Ci siamo trovati al mattino sul pontile di fianco alla nostra barca dopo il nostro arrivo, una comitiva di pescatori riminesi in trasferta per pescare nel porto di Lampedusa!?!
Un sacco di turisti in giro, molti italiani e anche stranieri.
Un’atmosfera terribile da luogo cresciuto in fretta col turismo, pieno di bar, ristoranti, alberghi, residence, negozi di souvenir, noleggio auto moto.
Tanti cani, tante macchine, tanti pescatori, tanti turisti e i velisti francesi.
La via principale del centro di Lampedusa è turistica nel senso peggiore del termine.
Quello che ci ha un po’ consolato in mezzo a questo caos è la sede dell’Archivio Storico di Lampedusa, associazione che ha lo scopo di valorizzare e preservare quello che resta dei monumenti e della storia di Lampedusa, che come Malta è stata abitata nell’antichità e aveva i suoi monoliti e le sue necropoli bellamente ignorati e in parte distrutti e depredati.
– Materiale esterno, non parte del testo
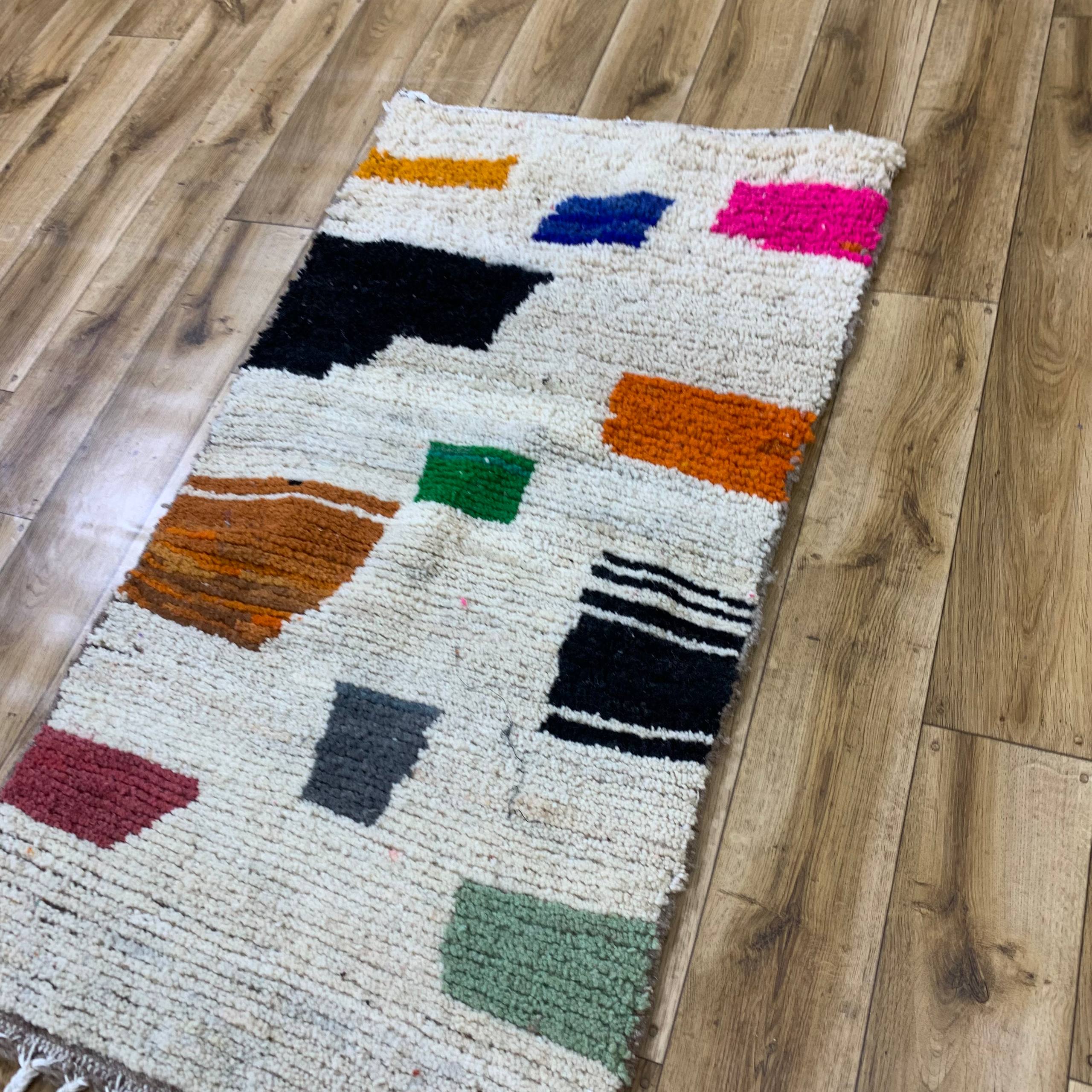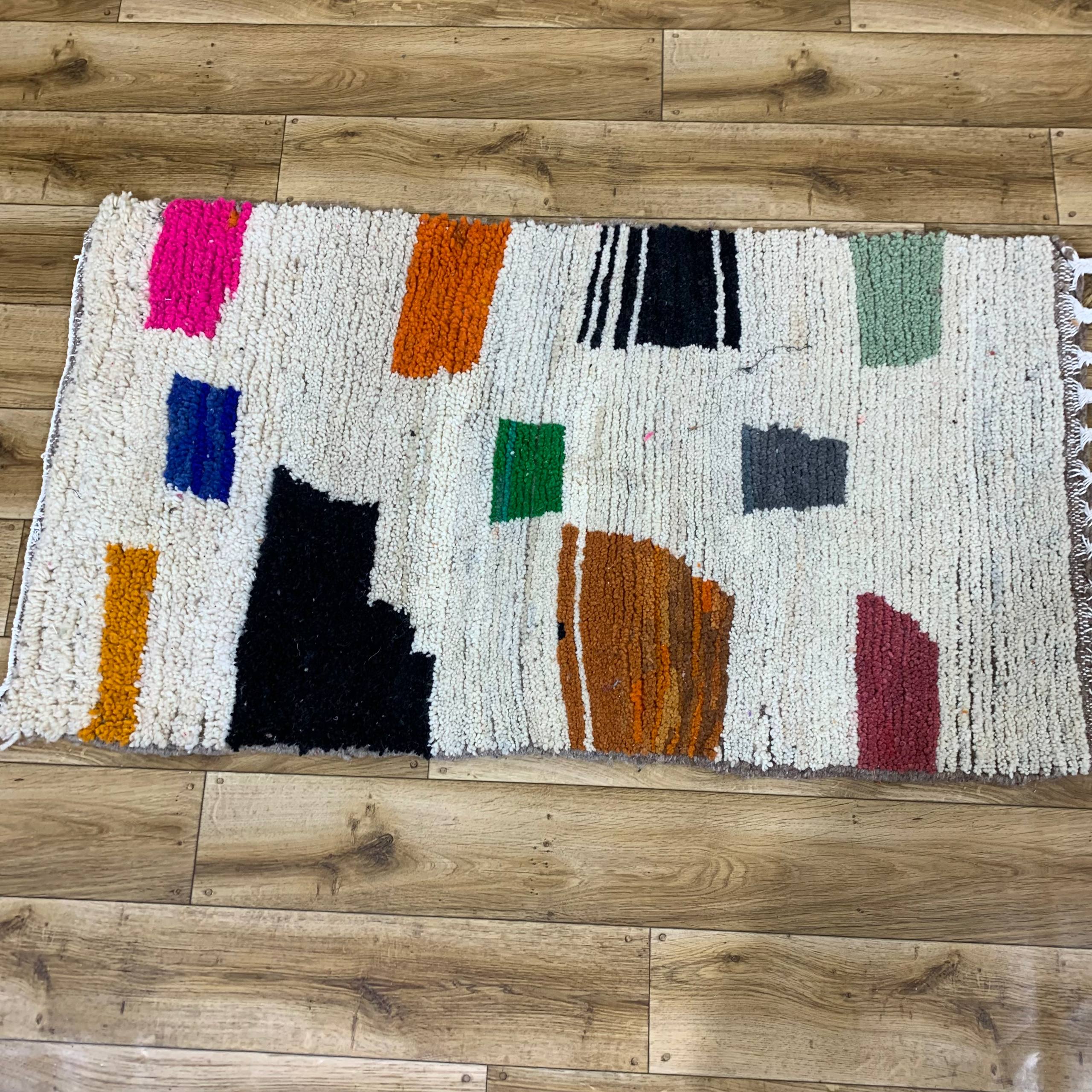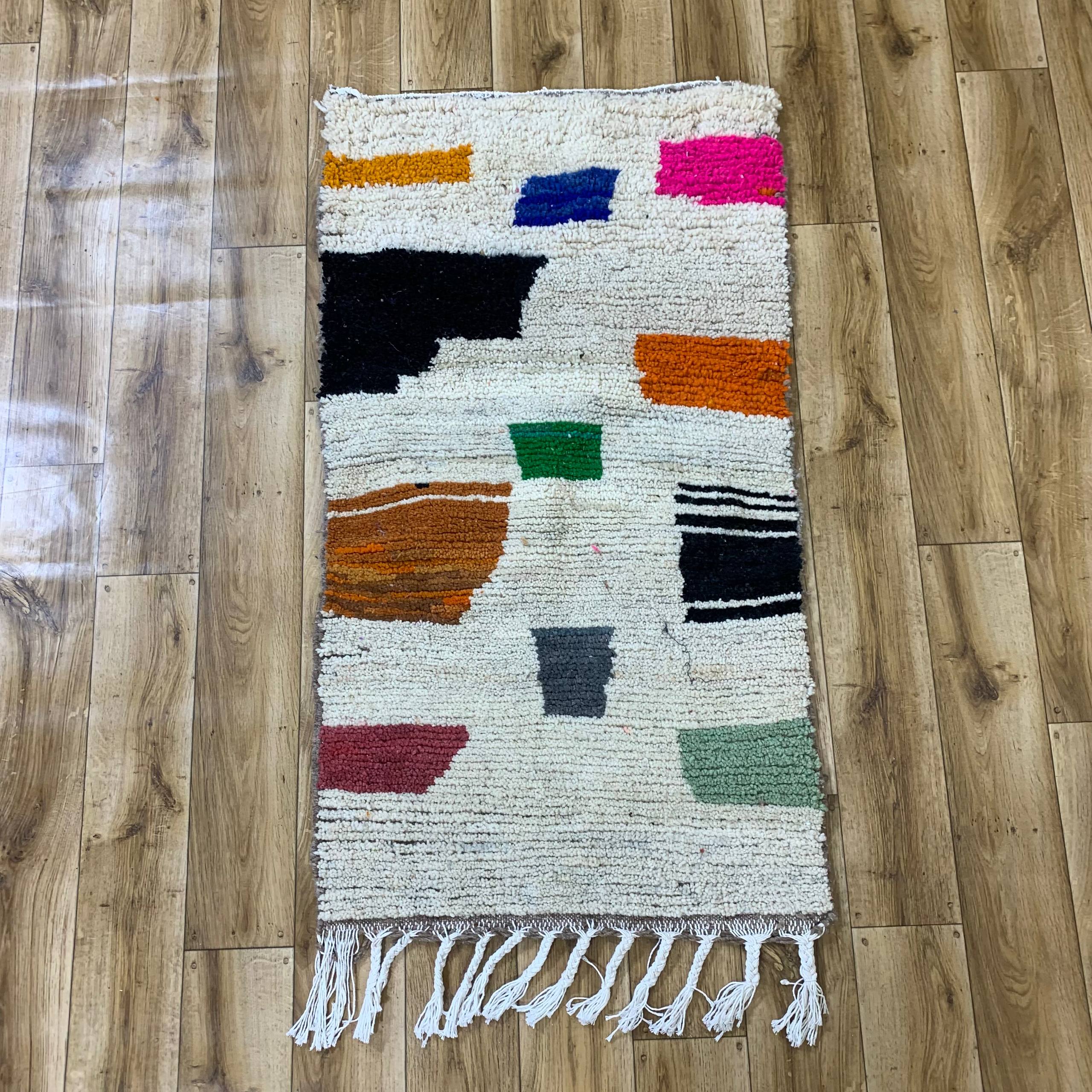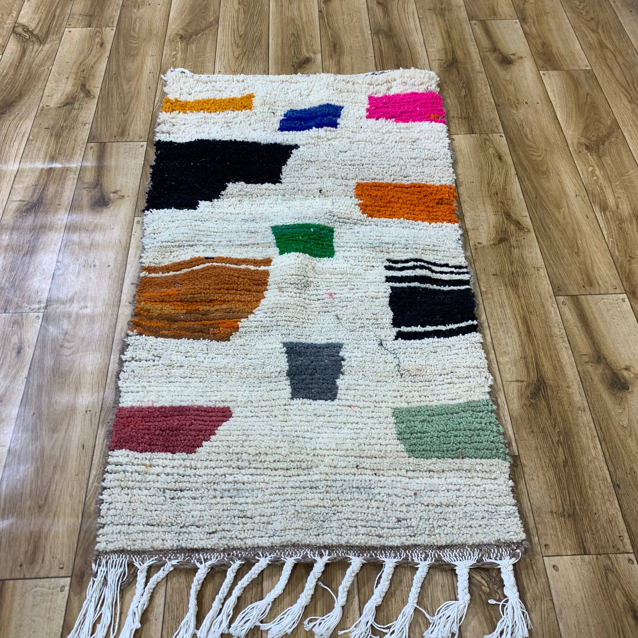 Visually rich and tactile, this rug features a thick, handwoven texture with a soft, natural look. The surface shows a creamy off‑white base accented by bold geometric color blocks in earthy orange, deep green, and black, creating a modern yet artisanal feel.

La via centrale di Lampedusa
Qui mi hanno indicato di imbucare le cartoline, mi chiedo se arriveranno.
Non avendo nessuna voglia di affrontare un ristorante, ma avendo tanta voglia di pesce, siamo andati in pescheria. E questo è il risultato: Spaghetti agli scampi. Scampi indimenticabili. (Grazie ad Angelo)
A Lampedusa il latte fresco non si trova, se non è arrivata la nave.
Come in altre
piccole isole è tutto o quasi
importato.
Però ho avuto modo di
trovare qualcosa di locale e insieme straordinario.
Una mattina uscendo dal
piccolo supermercato un po’ rassegnata per non aver trovato la ricotta, mi sono
imbattuta in un omino con una carriola che vendeva ricotta e formaggi freschi
per strada.
Questa volta non avevamo nessuna voglia di affittare un motorino e abbiamo deciso di camminare cercando degli angoli di mare tranquilli. Così siamo arrivati all’altro capo del porto dove si trova la Porta d’ Europa, un monumento moderno realizzato da Mimmo Paladino -scultore napoletano contemporaneo- in memoria dei migranti morti in mare alla ricerca di una vita migliore.
In una piccola
insenatura scogliosa li vicino ci siamo bagnati – l’acqua era gelata e il mare
mosso- L’ abbiamo chiamato il bagno del clandestino.
Lampedusa: la Porta d'Europa di Mimmo Paladino
L’avvistamento di ben cinque tartarughe e un tramonto spettacolare in vista di Gozo.